The diverse and complex patterns of Indigenous production and exchange served both symbolic and concrete functions, and this was also observed in the ways in which Aboriginal people approached inter-cultural trade. Indeed, at times the economic aspects of the exchange seem to have been secondary to the social function of establishing a relationship with the Europeans, in both the pre-pastoral and pastoral periods.17

From the outset of British colonisation in the Port Phillip region in 1835 there were attempts to open up formal trading networks with the Indigenous people. Squatters from Van Diemen’s Land (Tasmania), who had occupied land around Indented Head (on the Bellarine Peninsula), sought to employ local people in making baskets.18 Members of the Port Phillip Association hoped that if a significant bilateral business relationship could be established, then inter-racial relations would be more conciliatory at Port Phillip than they had been in Van Diemen’s Land. At the same time, it appears that the colonists’ trade in possum skins and other Indigenous manufactures was not solely to establish and cement rapport. The Europeans greatly admired the ease with which Aboriginal people procured the possum skins19 as well as the aesthetic nobility the possum skin cloaks afforded the wearer. They also acknowledged the outstanding qualities of the possum skin rugs. William Thomas, Assistant Protector of Aborigines in the Western Port District, saw many Boonwurrung and Woiwurrung people ‘dressed comfortably’ in possum skin rugs, giving them a ‘majestic appearance’.20 Newspaper reports also confirmed Thomas’s view. The Illustrated London News described the manufacture of ‘very warm and beautiful cloaks of opposum skin, which they wear with the hair side inwards, the other side ornamented with geometrical patterns drawn with wonderful accuracy’.21

Moreover, many white people rapidly developed a keen appreciation of the usefulness of possum skins. Official reports and personal correspondence describe the colonists using possum skins for a range of different purposes, most of them mimicking the traditional uses.

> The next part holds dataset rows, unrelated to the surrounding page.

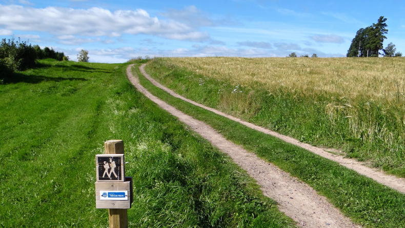 Mal Pfad, mal Asphalt, mal Schotterweg. Mit Steigungen. Schöne Aussichten über den Orsasjön.
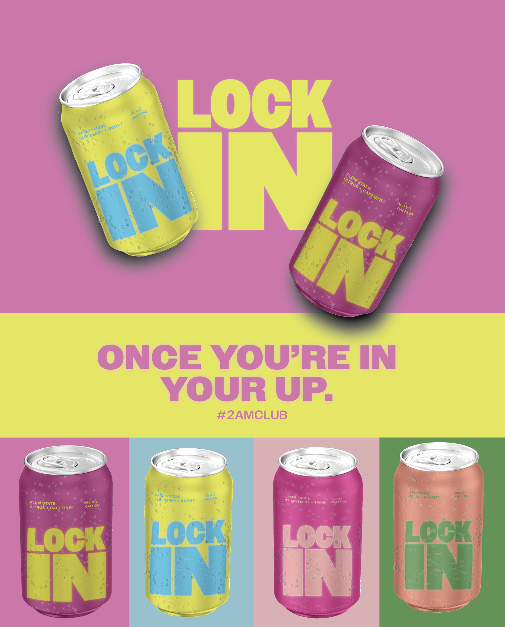 LOCK IN is a mock branding project for a fictional energy drink company. Designed with students and a younger, late-night audience in mind, the concept centers around the #2AMCLUB those cramming for exams, pulling all-nighters, and pushing through deadlines. The visual direction uses bold typography and bright, high-contrast color palettes to feel energetic, playful, and youth-oriented, reinforcing the idea of staying alert and “locked in” when it matters most.
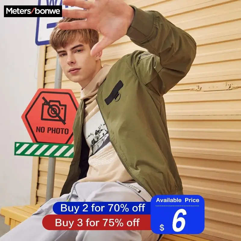 Best Price Metersbonwe männer Casual Jacken Männlichen Mode Einfarbig Jacke Männer Mantel Baseball Jacken männ
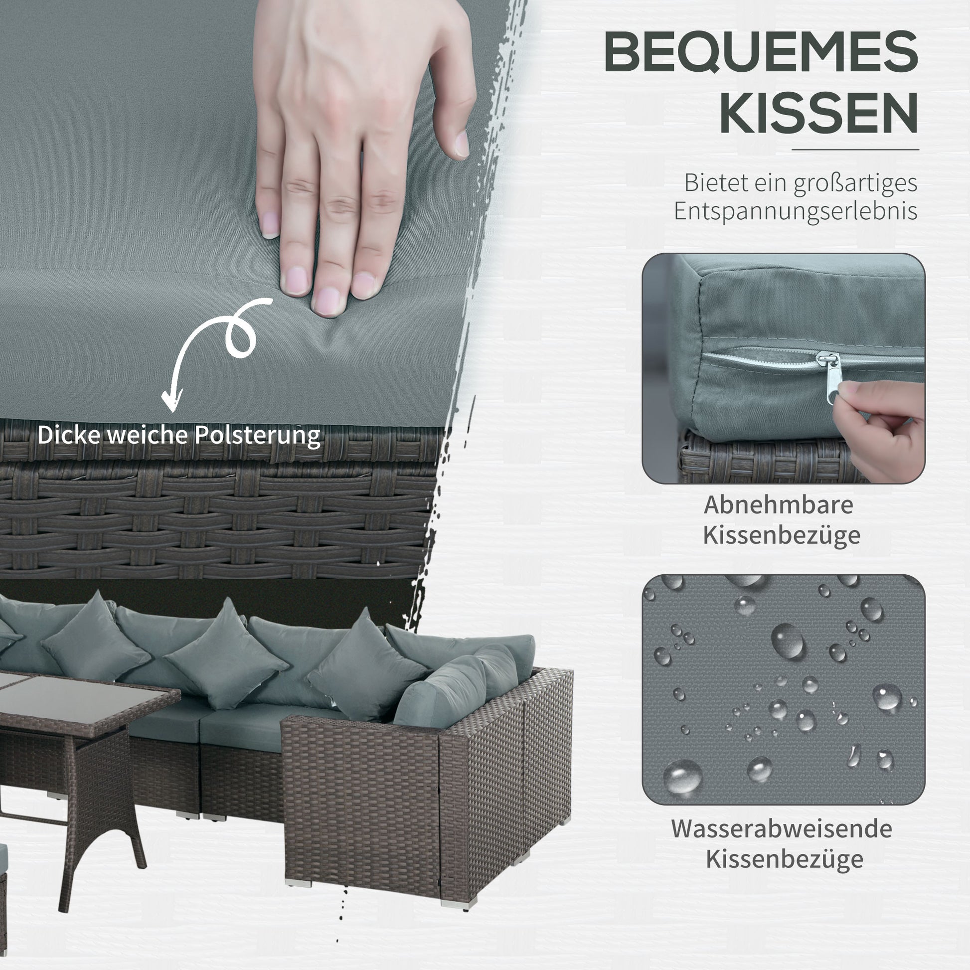 Outsunny 10-tlg. Gartengarnitur in Rattanoptik, mit Sitz- und Rückenkissen, rostfreier Metallrahmen, dunkelgrau
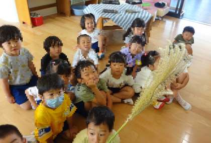 「今日は何がきれいに見える日でしょうか?」と質問すると、「お月様!」と教えてくれました。「まんまるに見えるかな?」「お団子食べる日!」など4歳児なりにお月見を感じています。お月見の絵本を読んだり、お供え物を見たりして、お月見に関心を高めています。今日の夜、お月様を見ることを楽しみしているほし組です。どんなお月様が見えたかな?
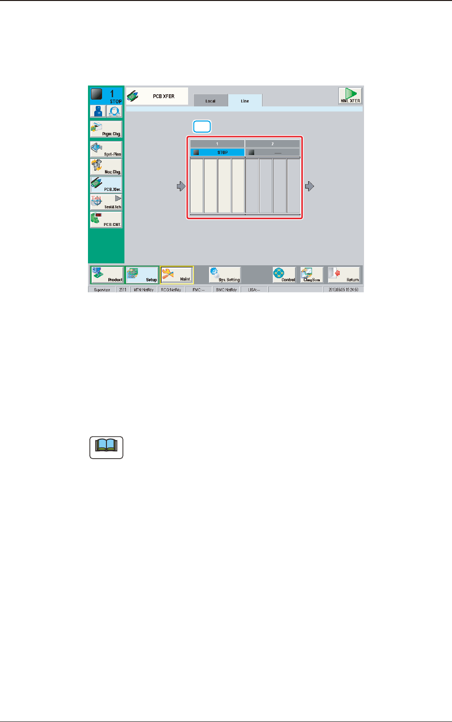 2OM-1751 6-27 1303-001 6.3 "MNL XFER" Window This "MNL XFER" window enables the operator to transfer a PCB manually. [2] [2] [4] [3] [1] F2F31 [1] Conveyor Image Display Section Each block of the conv…
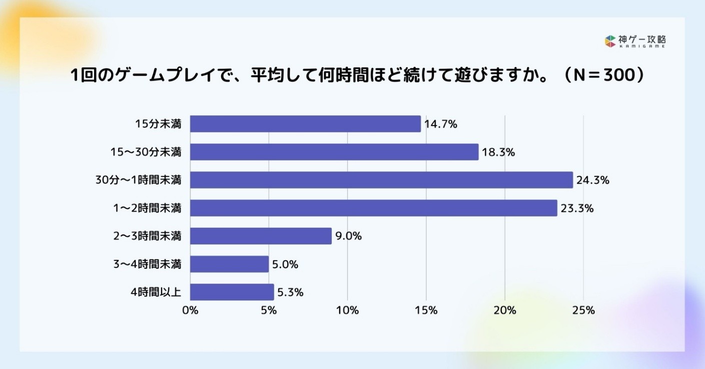 1回のゲームプレイで続けて遊ぶ時間は、30分〜1時間が24.3%で最多となりました。
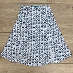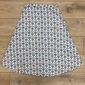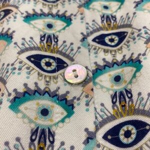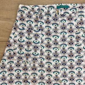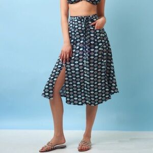 Gorgeous Brazilian made button front midi skirt by Cia Marítima. This fun skirt features two front slits for a breezy and tropical feel and a stunning eye pattern fabric in aqua peach and navy. The buttons are genuine mother of Pearl with gorgeous shimmer. Perfect modern way to rock your costal boho with an astrological twist. This runs very small, fits a 27” natural waist, labeled a Size Large
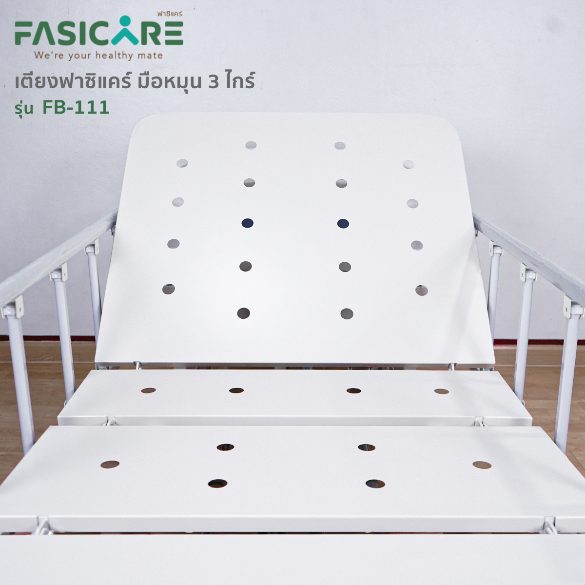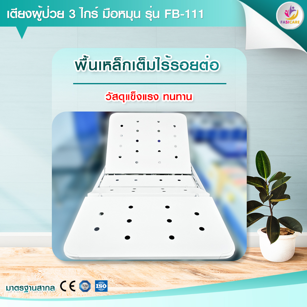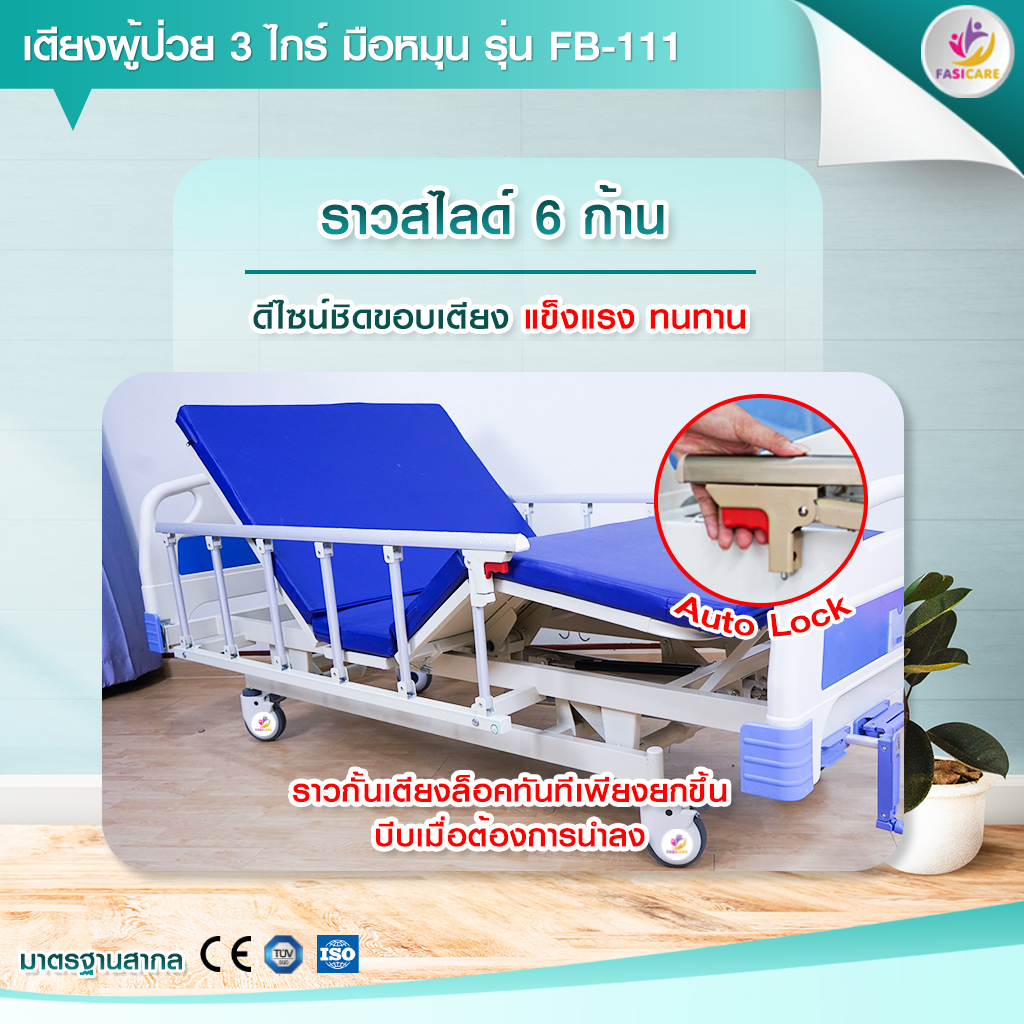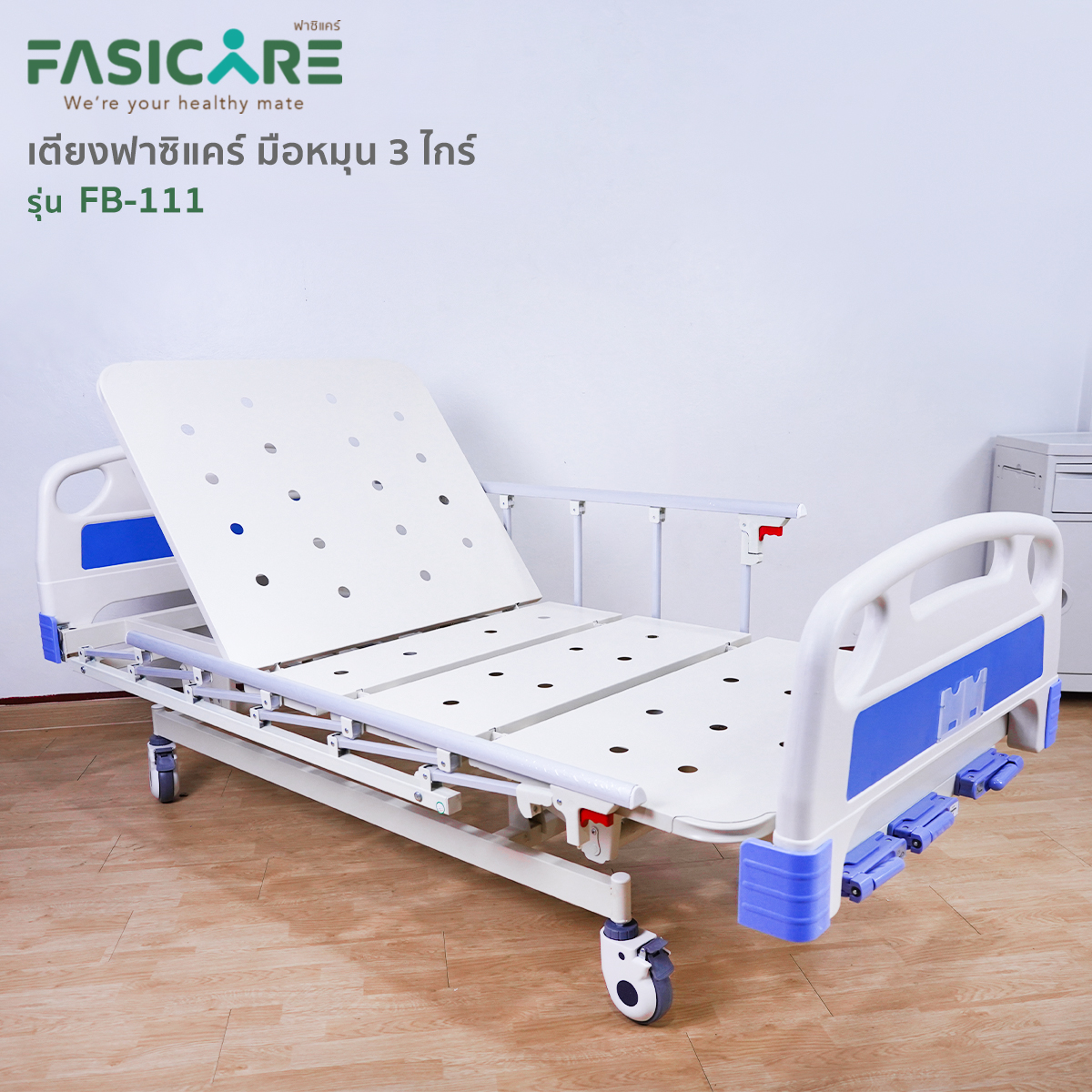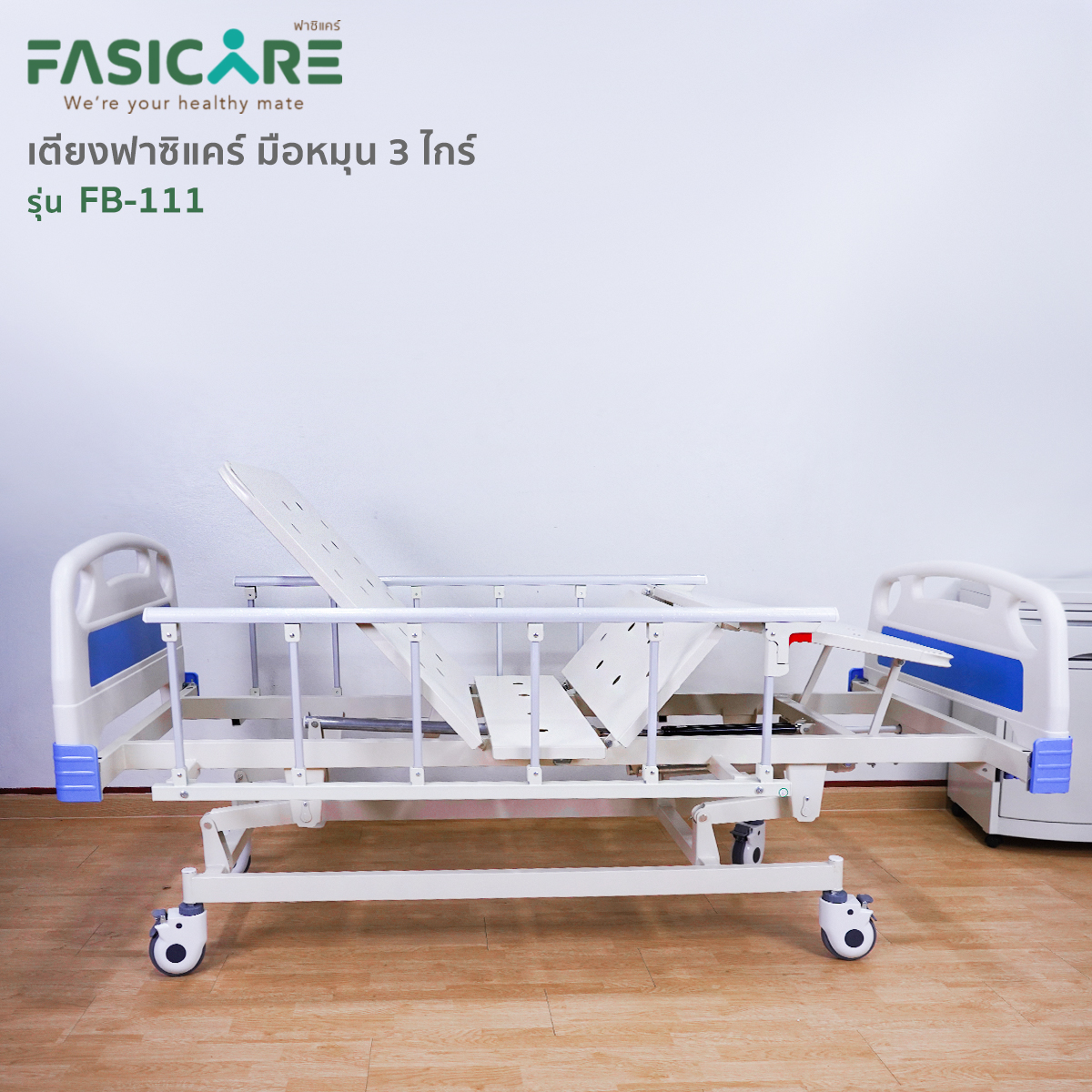 เตียงผู้ป่วยฟาซิแคร์ ระบบมือหมุน 3ไกร์ เกรดโรงพยาบาล (ราวสไลด์6ก้าน) รุ่นFB-111
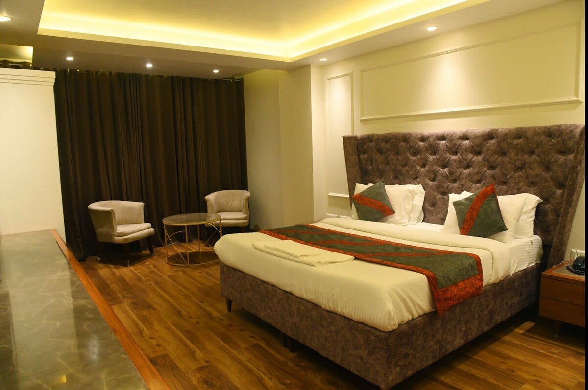 Experience our Luxury Hotel Room with Balcony in Sector 57, Gurgaon. Just minutes from Artemis Hospital, Golf Course Road, and Sector 54 Chowk Metro, it offers seamless access to the city. Perfect for medical, business, and leisure stays, the room combines modern comfort with elegance. Licensed to host foreign nationals. Early check-in will be subject to availability and chargeable Rs.500 as well as late checkout will also be the same with ₹500 added for every 3 hrs thereafter.

Edward Curr, a young squatter at Port Phillip in 1841, wrote of a typical overseer’s hut having an ‘opossum-rug’ spread over the bed.22 In January 1838 Matthew Tomkin, a mounted police constable, was murdered near Mt Macedon (north-west of Melbourne). Tomkin’s friends ‘buried him, having wrapped him up in an opposum rug’.23 Katherine Kirkland, one of the first white women in the Ballarat district, described how she hung her baby at her side in a basket as she had seen the local Wathawurrung women do.24 On some occasions the settlers made innovative adaptations of the possum skins traded to them. A number fashioned fur-lined caps and jackets for themselves,25 whilst others made pocket books out of ‘opposum skin’.26

The demand by pastoralists and their servants for possum skins and especially possum skin rugs was widespread. So popular were the latter that a small number of white entrepreneurs established a lucrative trade in the skins. GA Robinson, Chief Protector of Aborigines in the Port Phillip District, observed how a number of pastoralists and merchants in Melbourne and the ‘settled districts’ had become wealthy from the considerable inter-cultural trade in artefacts, possum skins and lyrebird tails.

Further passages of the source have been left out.